At the end of the day, we strap our test gear onto the MC12 to quantify its straight-line capabilities (the black lakes and skidpads were off-limits). To launch the car, simply engage the Race mode (to quicken shifts and allow more wheelspin before the ASR kicks in), then quickly open the throttle about 30 to 50 percent--enough to call for a big clutch drop, but not so much that the engine overpowers the ASR--then feed throttle in gradually as the grip allows. It's easier than it sounds--our second launch is our best. (Note that the rear brakes need to be cool for ASR to work at all.) Get it right, and the tires hook up by around 3500 rpm. Pull the upshift paddle just before fuel shutoff at 7700 rpm in each gear, and 60 mph arrives in 3.7 seconds, the quarter mile in 11.8 at 123.9 mph. That's about 0.3 second behind an Enzo at 60 mph and 0.8 back at the quarter mile. Can't have a Maserati outperforming the ultimate Ferrari, can we? Engine tuning and increased aero drag account for the difference. Perhaps a more apt comparison is with the similarly easy-to-drive Mercedes-Benz McLaren SLR, which performs within a couple tenths of the MC12.
Of course, the SLR offers a trunk that'll carry golf clubs; it costs about half as much as the MC12, and it can be imported legally to the U.S. The MC12 carries nothing but two people, some gloves, and 30 gallons of premium fuel.

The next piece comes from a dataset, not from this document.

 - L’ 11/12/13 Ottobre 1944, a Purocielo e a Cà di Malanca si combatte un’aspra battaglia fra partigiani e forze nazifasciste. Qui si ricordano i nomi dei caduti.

It sells for 600,000 euros or just a shade under $800,000. It's not homologated for U.S. sale, but a handful of cars can be imported under the show-and-display law. The first 25 cars sold out quickly in 2004. There are more than 25 orders for the 2005 run, but the cars haven't all been assigned yet, so there's still time to fill a suitcase with "incentive" cash and hop a plane to Modena. Do so, and you'll own a car that'll forever keep folks guessing. What's Hot: FIA-approved style and substance; low-danger dynamics; nearly as rare as the last Cooper-Maserati V-12s What's Not: No trunk; no spare tire; no radio Like This? Try These: Saleen S7; 1992-1994 Jaguar XJ220; 1998 Mercedes-Benz CLK-GTR Who's Calling the Shots at Maserati?

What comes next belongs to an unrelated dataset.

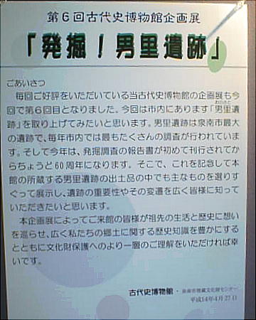 男里遺跡は、泉南地域における弥生時代の拠点集落として知られている。遺跡の存在は早くから知られていたが、主要地方

The February "sale" of Maserati from Ferrari to Fiat was widely reported to be a simple shell game to move the high costs of developing the Quattroporte and Coupe/Spyder replacement off Ferrari's balance sheets in hopes of boosting the share price when the company goes public, probably within a year. But Maserati stands to gain from the deal, as well.
Here's what happened: Ferrari Maserati Group was divided into two autonomous entities under Fiat SpA, standing alongside Fiat Auto (Alfa Romeo, Lancia, and Fiat brands), Iveco trucks, and CNH (agricultural and industrial products). A technical alliance remains with Ferrari, which will continue to build and co-develop engines and transmissions for Maserati, share Formula One technology, etc. A new commercial and technical partnership has been formed with Alfa Romeo.
Alfa's larger-scale manufacturing and purchasing power are expected to help Maserati expand to fill its 10,000-unit capacity with a higher volume, lower priced product. The concept has worked for archrival Porsche. With the 911 firmly established as the hallmark of the brand, the German niche-player teamed with the mass-market experts at VW to launch the comparatively high-volume Cayenne.
Will the Trident also build an SUV? Maybe. But there's so little SUV expertise to tap into within Fiat that a better guess might be a Boxster-priced junior sports car, which Alfa could offer more help with.